Israeli comments led to dollar weakness and gold, silver and oil rallying yesterday. The Israeli government described the Iranian warships move into the Suez canal as a “provocation” and hinted at a possible response.
Gold in USD – 10 Day (Tick)
An example, if one was needed, about how precarious the geopolitical situation in the Middle East is and how markets continue to underestimate the risk of military conflict.
Besides the very strong fundamentals, gold is looking better and better technically. After a 4 month period of correction and consolidation gold remains below levels seen last October (see chart below).
Gold bounced off support seen at the 150 day moving average and is now above the 100 day moving average. It is only 3.5% below the nominal record high of $1,423.75/oz seen in early December 2010.
Gold in USD – 1 Year (Daily) and 150 Day Moving Average
Even more important is the significant increase in demand seen in India, China and globally as people buy gold to protect themselves from macroeconomic risk and deepening inflation.
The World Gold Council reports that the increase in investment demand is a 'global phenomenon', reporting a 19% year-on-year rise across the world in its most recent report this morning.
In China alone, gold investment demand jumped 70% last year as Chinese people bought gold as a store of value.
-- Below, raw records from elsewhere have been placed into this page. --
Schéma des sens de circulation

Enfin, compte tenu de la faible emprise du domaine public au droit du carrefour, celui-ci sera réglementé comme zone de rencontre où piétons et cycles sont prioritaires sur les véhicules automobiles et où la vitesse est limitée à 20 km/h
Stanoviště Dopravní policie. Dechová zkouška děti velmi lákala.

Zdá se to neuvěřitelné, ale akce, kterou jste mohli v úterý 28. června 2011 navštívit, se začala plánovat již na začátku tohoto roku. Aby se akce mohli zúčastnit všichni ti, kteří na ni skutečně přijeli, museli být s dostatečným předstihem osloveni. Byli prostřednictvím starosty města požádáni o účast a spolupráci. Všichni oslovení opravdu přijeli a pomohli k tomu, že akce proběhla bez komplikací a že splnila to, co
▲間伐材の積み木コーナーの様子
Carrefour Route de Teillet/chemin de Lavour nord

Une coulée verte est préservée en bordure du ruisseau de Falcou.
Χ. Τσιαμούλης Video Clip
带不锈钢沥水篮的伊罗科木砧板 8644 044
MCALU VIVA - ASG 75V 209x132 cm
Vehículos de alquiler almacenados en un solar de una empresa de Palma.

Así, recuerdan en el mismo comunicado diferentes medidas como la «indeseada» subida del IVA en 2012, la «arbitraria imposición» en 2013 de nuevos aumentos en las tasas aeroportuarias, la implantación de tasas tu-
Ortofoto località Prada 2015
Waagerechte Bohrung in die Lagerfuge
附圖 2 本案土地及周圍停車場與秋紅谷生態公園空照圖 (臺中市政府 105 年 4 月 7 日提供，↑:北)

Demand is projected to grow a further 40 percent to 50 percent this year and jewelry demand will expand by 8 percent to 10 percent this year.
Gold imports by India, the largest buyer of gold in the world, climbed to a record of 918 metric tonnes in 2010, driven by a surge in jewelry demand with Indians continuing to buy jewelry as a store of value.
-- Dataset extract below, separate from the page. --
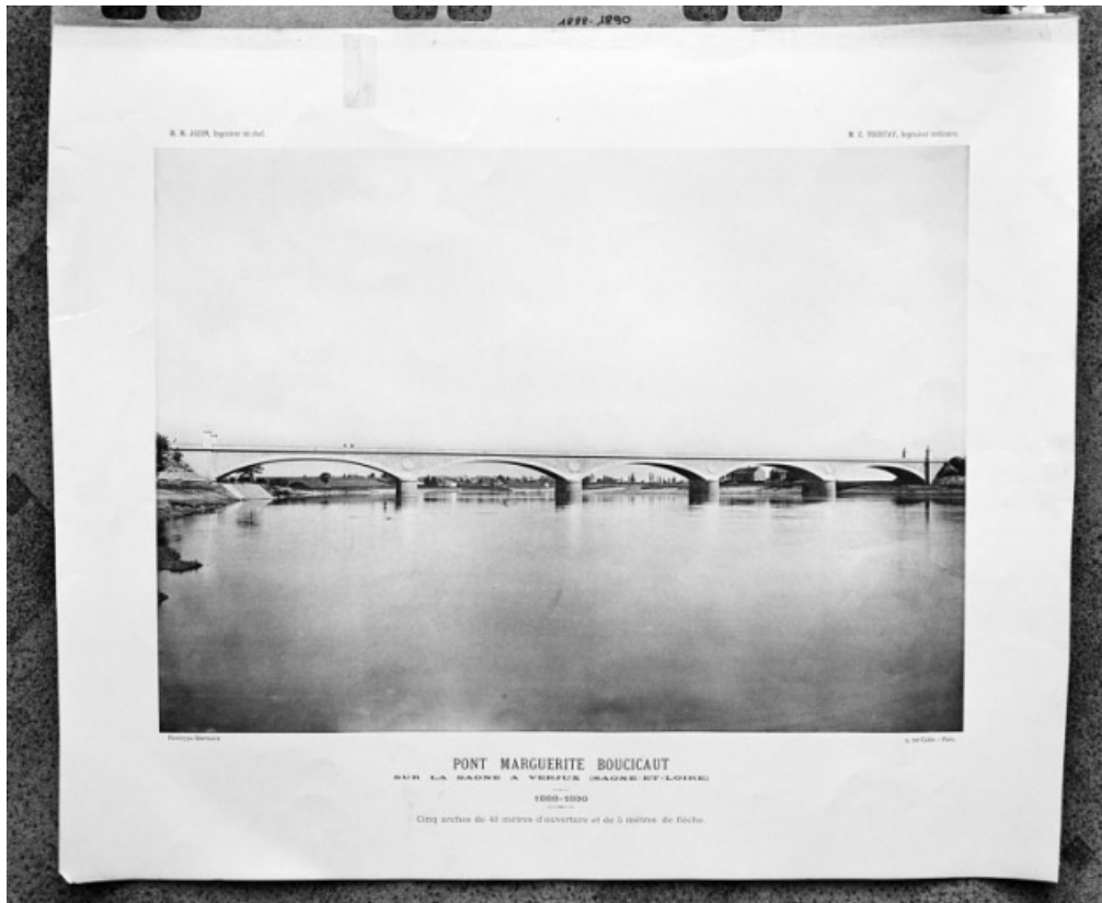
PONT MARGUERITE BOUCICAUD / sur la Saône à Verjux (Saône-et-Loire) / 1888-1890 / cinq arches de 40 mètres d'ouverture et de 5 mètres de flèche..

Reuters quoted a leading Chinese executive from Industrial and Commercial Bank of China (ICBC) (1398.HK) (601398.SS), the world's largest bank by market value, as saying that demand for gold was growing at a voracious pace due to surging inflation.
Zhou said that the huge increase in Chinese demand seen last year would happen again in 2011 due to a “choppy stock market” and concerns about how rising interest rates will affect property markets.
Perhaps most importantly and rarely mentioned in the western media is the fact that the Chinese government is encouraging their citizens to buy physical gold and silver bullion having banned gold ownership from 1950 to 2003 (see video).
"Unlike the property market, investment in the gold sector is something the government is encouraging," Zhou said.
Zhou said there was also voracious demand for silver, with ICBC bank alone selling about 13 tonnes of physical silver in January alone, compared with 33 tonnes in the whole of 2010. Were that demand to continue then demand for silver from ICBC alone could be as high as 156 tonnes this year. This would be a 370% increase on 2010.
Given the degree of demand for silver in China and internationally the forecast that silver could reach $36 an ounce this year, by Bloomberg analysts, is looking very conservative.
Those continuing to calling gold and silver “bubbles” continue to ignore the facts and the many, many extremely important developments in the gold and silver bullion markets.